Thursday, June 2, 2011

Summertime Memories


So this may take some time for me to type since I am in a similar predicament as I found myself in at the age of 13 with a broken left arm entering into summertime. Just like then, I absolutely hate it because I have already found myself staring at the ocean and unable to embrace it, watching water sports and wishing it was me. Sand castles beckon and swimming pools taunt me and the bright sun will not allow me to bask in its warmth, rather, it makes me hot and sticky and itching inside my plaster prison.


Since I cannot, write, play music, or ride for the time being, I am left with time on my hands and part of that is spent remembering how magical summer used to be for me. It was a time when my academic education ended and many different learning experiences awaited me. My fondest have to be my days in Elkton. During those summers I visited my great grandparents. I would fall asleep to the sounds of the breeze through the trees and the barges coming in from the Chesapeake Bay. We ate dinners of fresh shucked corn and crab and caught fireflies after dinner.
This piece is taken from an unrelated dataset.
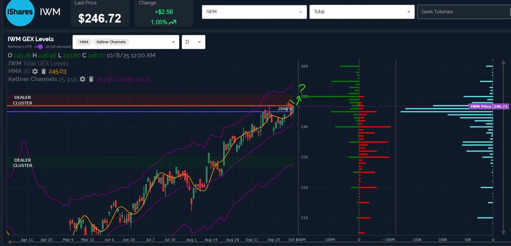 With the big positive GEX cluster still waiting at 250, and attempts toward 250 stopping shy at the 248 area, it seems reasonable to expect that 250 may finally be tagged in the next day or two.
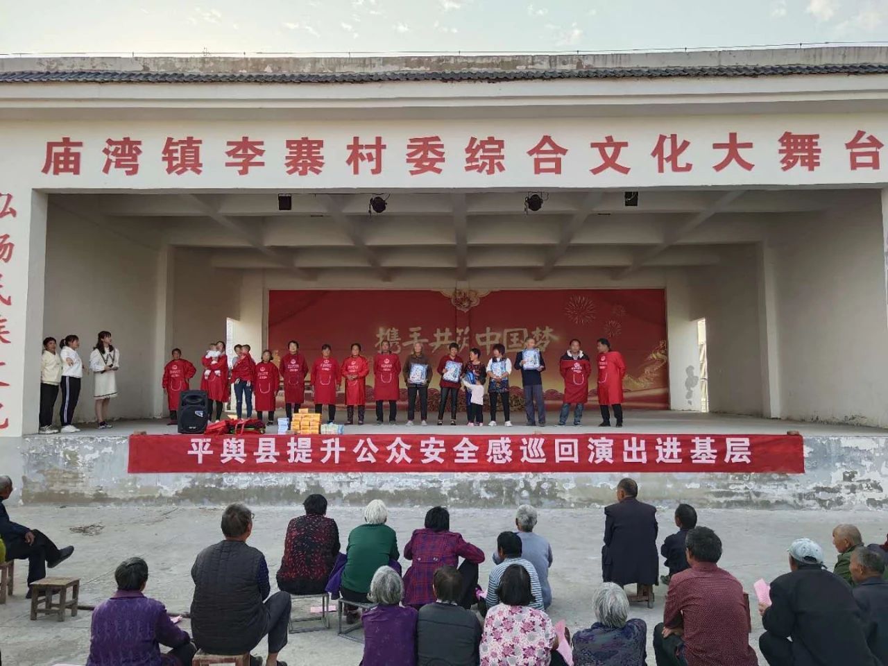 為進一步深化平安平輿建設,營造全民參與平安建設的濃厚氛圍,全力提升群眾安全感和政法機關執(zhí)法滿意度,10月26日,平輿縣委政法委提升公眾安全感文藝巡演走進廟灣鎮(zhèn)李寨村委。

Beach bonfires next to the pier taught me how to make the best smores and how to kill chiggers.
Before bed, we would tend to the sunburn and sore throat from consuming too much river water that we had tried to ignore for the sake of more fun. During the day, we were forever on the water.

I got my Maryland boating license and my cousin Jeff would take me sailing. We almost never went with my Papa due to the fact that he would inevitably lose the wind in front of an oncoming freighter ship and we would narrowly escape death. My favorite Yacht club parties were held on an island with a pool and a small rideable train and endless soda.

Tubing, water skiing, and boat rides were things that never got tiring. Every Sunday we would drive into North East and attend St. Mary Anne's with the promise of ice cream down the street afterwards which was an excellent bribe.



My first taste of what love was happened in this same spot too. Chris Talley was a friend of my cousins and a year and a half older than me with a black Jeep Wrangler. All it took was a boat ride and him trying to playfully drown me in the Elk River and I was smitten. I think I would literally light up like a Christmas tree when he came over and soon he started coming over not to see my cousin John, but to see me. We would take long walks around and look at the old CJ7 in the barn down the dirt road. One particularly enchanted evening we took a walk at twilight down a forest laden path, fireflies twinkling, to the Turkey Point Lighthouse where I received my first highly romantic kiss. Then he turned around and started dating someone else and I was brokenhearted. He pretty much set the trend for the next decade. But we stayed in touch up until I graduated from college.

Summers now are much different. I have a man who kissed me and didn't give up on me to be with anyone else. My kids now consume my days instead of the beckoning waters, but they always call to me. Responsibilities have replaced that carefree teenage spirit but every now and again, when I close my eyes, I can recapture all the memories again, and smile.